Orwell pose la question de savoir pourquoi et comment un régime comme celui d'Oceania peut exister et durer. C'est que les hommes qui y participent n'obéissent qu'à un principe : celui du pouvoir ; du pouvoir pour le pouvoir, sans autre fin : confort, bonheur, liberté, rationalité ou idéologie. Il s'agit là d'un « totalitarisme oligarchique » qui repose sur une sorte de schizophrénie institutionnalisée, l'Etat unique supposant que le monde extérieur et objectif n'existe pas.

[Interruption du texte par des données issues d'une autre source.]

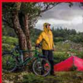
05.01. – 17:00 UHR MULTIVISIONSSHOW IRLAND MIT ROBERT NEU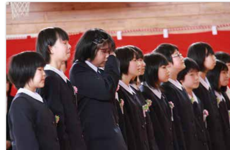
涙を拭きながら、最後の校歌を歌う（田野畑小）

たのはた歴史満載ツアー（体験村・たのはた主催）が3月10、11の両日、机浜番屋群などで行われました。盛岡市や久慈市などから訪れた参加者は、水くみやまき割りなど2日間かけて作る本格的な塩づくり体験や料理づくり体験、大宮神楽の見学などのプログラムを体験。11日は、津波語り部に参加し、東日本大震災の地震発生時刻にあわせて黙とうを行いました。参加者は「あらためて田野畑村の魅力を知ることができた」と満足した様子でした。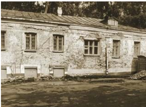
Что осталось от моего дома к 1970 году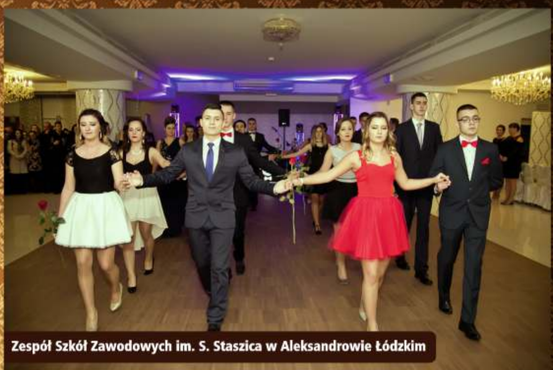
Zespół Szkół Zawodowych im. S. Staszica w Aleksandrowie Łódzkim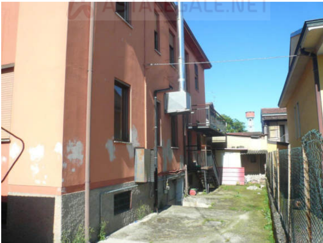
Figura 6 - Vista dei beni oggetto di vendita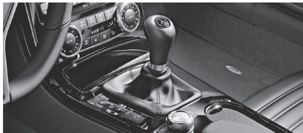
designo Zierelemente in Klavierlack schwarz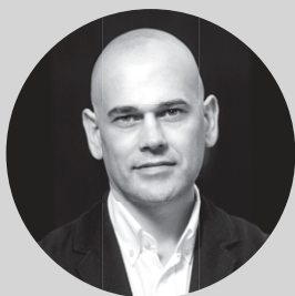
IGOR URÍA ZUBIZARRETA

Komisariotzako eta Janzkiaren Historiako irakaslea da eta Zuzendariondokoa University of the Arts London Centreko London College of Fashionen baitako Centre for Fashion Curationen. Moda eta janzkien erakusketetan komisario lanak egin izan ditu estatu eta eskualde mailako esparruetan eta moda-banaketako espazioetan. Horrez gain, Judith Clarkekin batera osatu zuten Exhibiting Fashion: Before & After 1971 (Yale, 2010). Hark argitaratutako lanek artxiboen eta objektuen inguruko kontaktak eskaintzen dituzte, eta bizitako bizitzen testuinguruan aztertzen dituzte objektuak. 1991tik 1999ra xx. mendeko janzkien kontserbatzailea izan zen V&A museoan.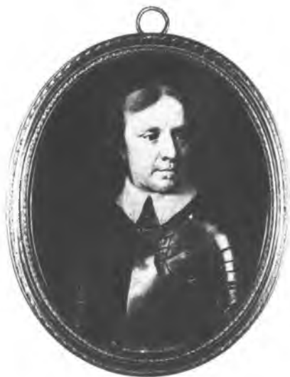
Медальон с портретом Оливера Кромвеля. Художник Сэмюэл Купер.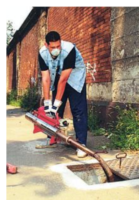
Disinfestazione di zanzare

L UOGO e orario della puntura. Attraverso una app i baresi potranno mappare la presenza di zanzare in città per consentire interventi di disinfestazione mirati. Si chiama Zanza-Mapp l'applicazione per telefonini realizzata dall'Università Sapienza di Roma e promossa dal Comune di Bari: uno strumento veloce per individuare le zone in cui le zanzare creano più disagio. «È un progetto innovativo per monitorare la diffusione delle zanzare sul territorio -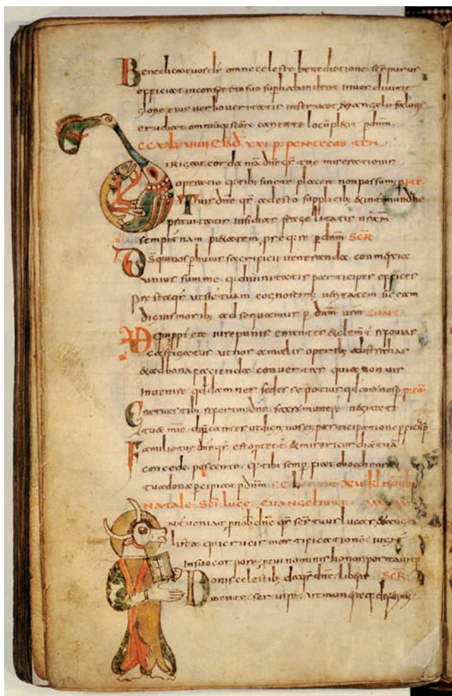
Fig. 4. Homme à tête de boeuf saint Luc. Bibliothèque nationale de France, ms. Latin 2048, ff. 115v

symbole de saint Jean, l'aigle, conjugée au corps d'un homme. L'évangéliste est debout, formant le "I" initial du nom " Iohannes " transcrit à côté de l'image. Le personnage et sa tête d'aigle sont nimbés et son corps semble comme enveloppé dans les ailes de l'aigle, voilant à peine les vêtements sacerdotaux du personnage, même si l'étoile n'est pas ici représentée. Dans sa main gauche, l'évangéliste zoocéphale tient un livre fermé et, de sa main droite, il désigne le texte transcrit juste à côté et contenant l'explication du symbole incarné dans l'initiale historiée. Le geste effectué par le symbole de saint Jean avec la main droite n'est pas sans rappeler celui attribué à l'évangéliste Luc peint au folio 115v, comme si, dans les deux cas, le peintre avait voulu faire figurer le prêtre célébrant sous les traits des évangélistes et désignant de la main les paroles qu'il s'apprête à prononcer et à rendre réellement présentes dans le rituel par la vue et l'ouïe. Dans l'explication du symbole de Jean donnée dans le rituel de l'ouverture des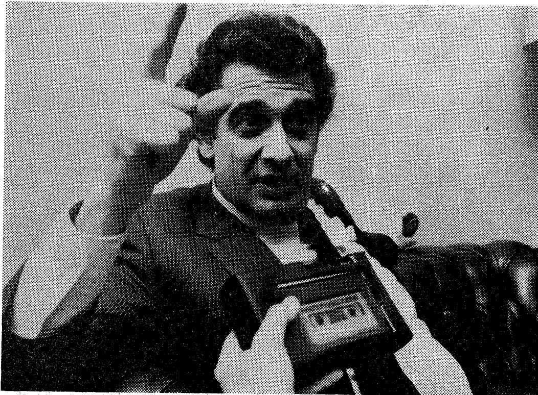
El tenor Plácido Domingo se muestra disconforme con algunas críticas sobre su actuación del lunes pasado

Comentamos que hay sectores de público amantes del agudo, del «pinyol», y que hay quien piensa que Plácido Domingo no tiene su fuerte en los agudos. Precisamente el lunes, los agudos tal vez fueron lo que mejor canté. Yo no soy un cantante de agudos, yo canto toda la obra, pero si algo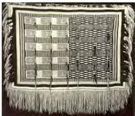
تصویر ۱۸. چیلکات چهارضلعی، از نمونه های اولیه بافته های چیلکات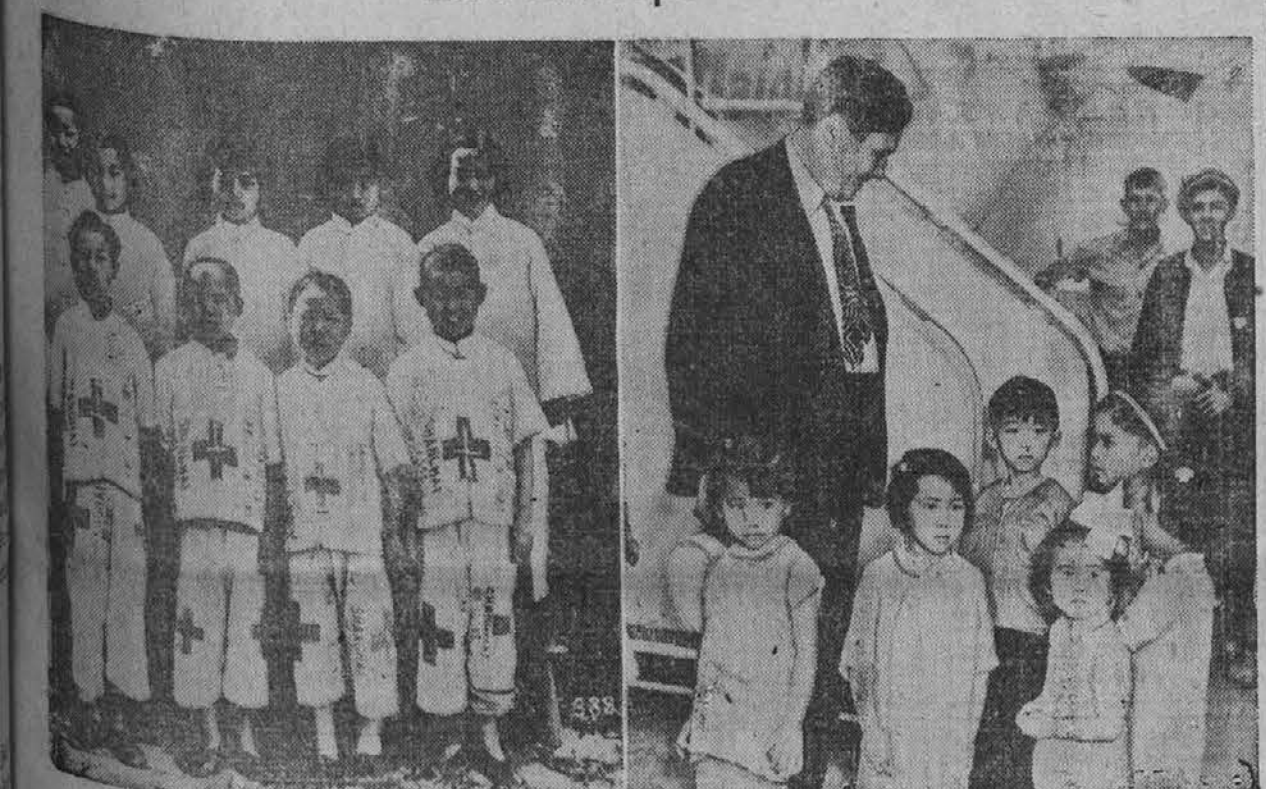
Na levi so kitajski otroci v presbiterijskemu misijonu v Kašingu, Kitajsku, za katere skrbi ameriška dobrotelost. Na desni pa je Wendell Willkie s skupino kitajskih otrok v Ameriki, ki se je nabralo pet milijonov dolarjev.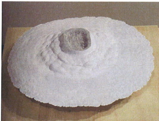
MORGANES WHITE SUGAR (1456) COMMENCÉ EN - BEGUN 2004 © ÉRIC CAMERON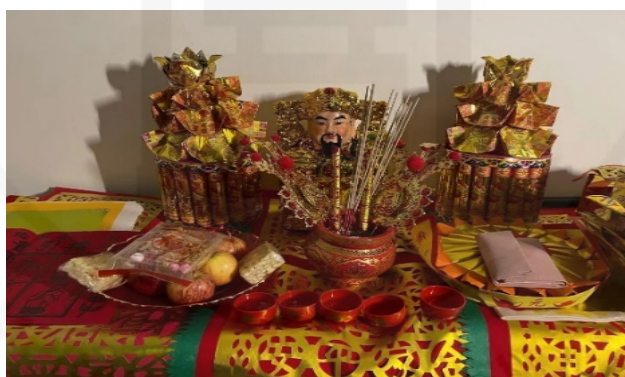
ภาพที่ 31 การเช่าไหว้เทพเจ้าไฉ่ซิงเอี้ยในช่วงเทศกาลตรุษจีน

ที่มา: LU XIAOHUI (ดวงกมล) ถ่ายเมื่อวันที่ 13 กุมภาพันธ์ 2564 ที่บ้านของชาวจีนชุมชนเจริญไชย

On retrouve dans 1984 certains thèmes de la Ferme des animaux, mais ce roman échappe au genre politique. Il n'est pas une anticipation du développement d'un régime donné, mais, comme Orwell l'écrivit à son éditeur, une parodie des « conséquences intellectuelles du totalitarisme » et, en un certain sens, cet aspect parodique du livre en limite le pessimisme. On pourrait parler à son propos de burlesque noir, comme on dit « humour noir ». L'image du monde que nous donne 1984 n'a, certes, rien de risible, mais le sentiment qui prédomine en nous en le lisant n'est pas celui de la terreur. On y perçoit même un éclair d'optimisme :

« S'il y avait un espoir, se dit Winston, il était chez les prolétaires (...). L'avenir appartenait aux prolétaires. Mais pouvait-on être certain que le monde qu'ils construiraient quand leur heure viendrait, ne serait pas aussi étranger à lui, Winston Smith, que le monde du Parti ? Oui, car ce serait du moins un monde sain. Là où il y a égalité, il peut y avoir santé. Tôt ou tard, la force deviendrait consciente et agirait. Les prolétaires étaient immortels (...) ».

Le petit bourgeois socialiste respectueux de la vieille Angleterre s'en remet désormais au prolétariat comme force de libération, avec bien des conditionnels, un messianisme et une poésie qu'il est difficile de concrétiser et qui ont tout le vague des épanchements humanitaires et progressistes du XIXe siècle, en quoi, évoquant un avenir possible, il redevient un être du passé au discours utopique. Mais, après tout, nous ne sommes qu'en 1984 !

 

Jacques Charpier

Poète et essayiste français, Jacques Charpier est actuellement directeur littéraire dans une maison d'édition parisienne. Il a travaillé à la radio et a enseigné à Bryn Mawr College, aux Etats-Unis. Il est l'auteur de nombreux ouvrages, notamment Paysage du salut, Le fer et le laurier, Paul Valéry, Villon et Saint-John Perse.